1069

设数列 ${\displaystyle \{a_n\}}$ 满足 ${\displaystyle a_1=1,a_{n+1}={\displaystyle a_n+\frac{1}{a_n}-\frac{1}{a_n+1}(n\ge 1)}}$, 则 ${\displaystyle [a_{100}]=}$ _____. (其中 ${\displaystyle [x]}$ 表示不超过实数 ${\displaystyle x}$ 的最大整数)

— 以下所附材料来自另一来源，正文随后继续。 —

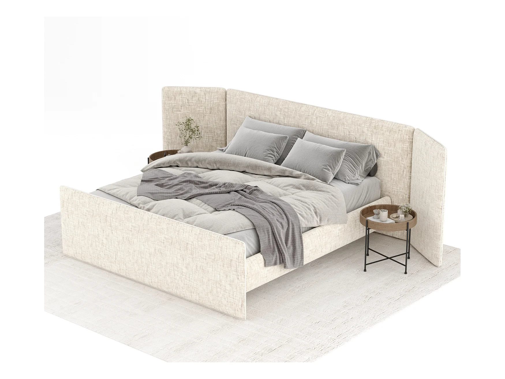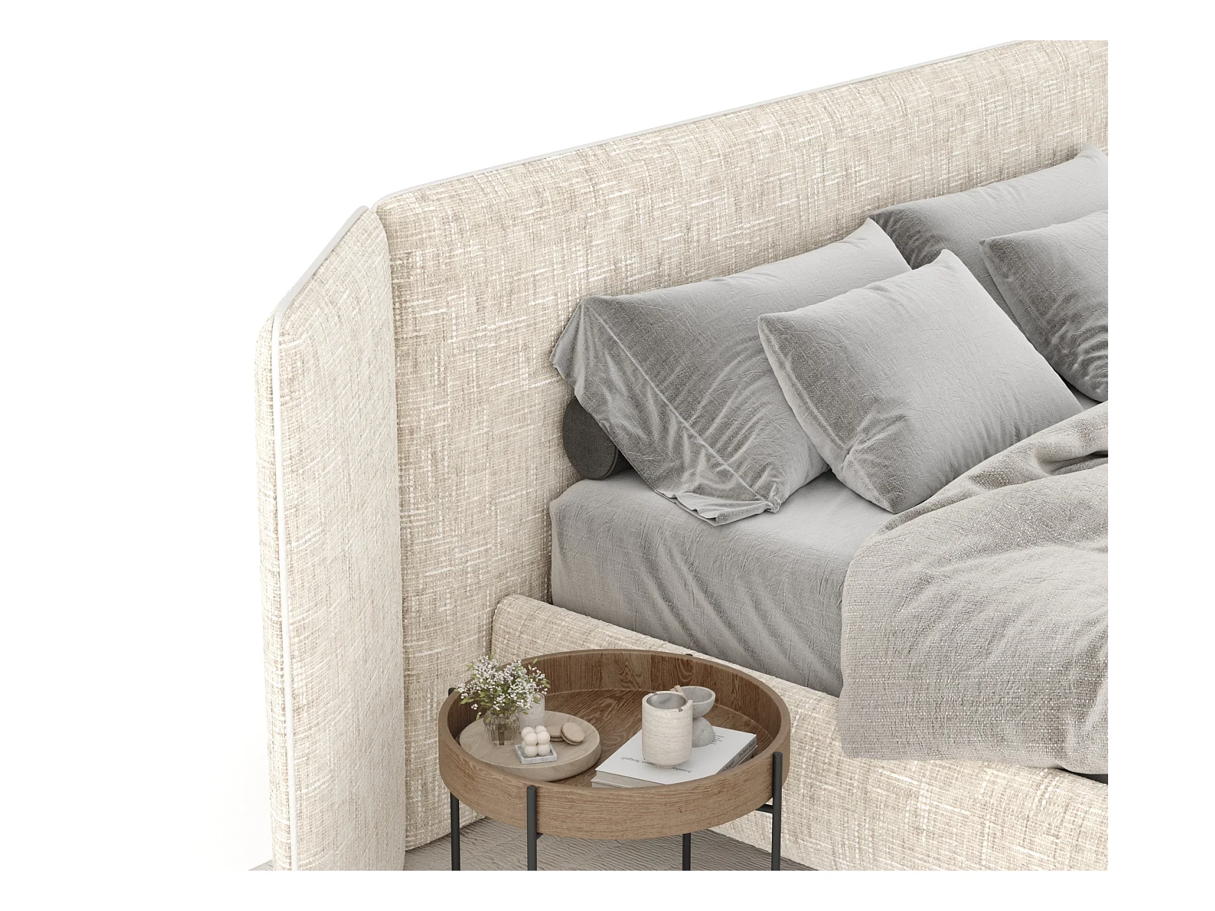 Lit coffre Tokyo - 160 x 200 cm - toile tissée - beige clair

简记 ${\displaystyle [a_n]=N}$, 则 ${\displaystyle N\le a_n<N+1}$. 根据递推式有$$\begin{array}{r}{a}_{n+1}-a_n=\frac{1}{a_n(a_n+1)}\in (\frac{1}{(N+1)(N+2)},\frac{1}{N(N+1)}],\end{array}$$
则考虑 ${\displaystyle [a_n]}$ 从第一次到达 ${\displaystyle N}$，到第一次到达 ${\displaystyle N+1}$ 所经历的指标的跨度，最少为 $$\begin{array}{r}\frac{1-{\displaystyle \frac{1}{N(N-1)}}}{{\displaystyle \frac{1}{N(N+1)}}}=N(N+1)-1+\frac{2}{N-1}>N(N+1)-1\end{array}$$
(也即走过的"路程"最短为 ${\displaystyle 1}$ 扣去上一个 ${\displaystyle N-1}$ 状态下的最大速度, 即 ${\displaystyle {\displaystyle 1-\frac{1}{(N-1)N}}}$, "速度" 最快为 ${\displaystyle {\displaystyle \frac{1}{N(N+1)}}}$), 且由于$$\begin{array}{r}\sum _{i=1}^6[i(i+1)-1]>100>\sum _{i=1}^5[i(i+1)-1],\end{array}$$
因此 ${\displaystyle a_{100}<6+a_1=7}$.

同理，这个跨度最大为 ${\displaystyle {\displaystyle \frac{1}{\frac{1}{(N+1)(N+2)}}=(N+1)(N+2)}}$, 且 $${\displaystyle \sum _{i=1}^5[(i+1)(i+2)]>100>\sum _{i=1}^4[(i+1)(i+2)],}$$ 因此 ${\displaystyle a_{100}>5+a_1=6}$.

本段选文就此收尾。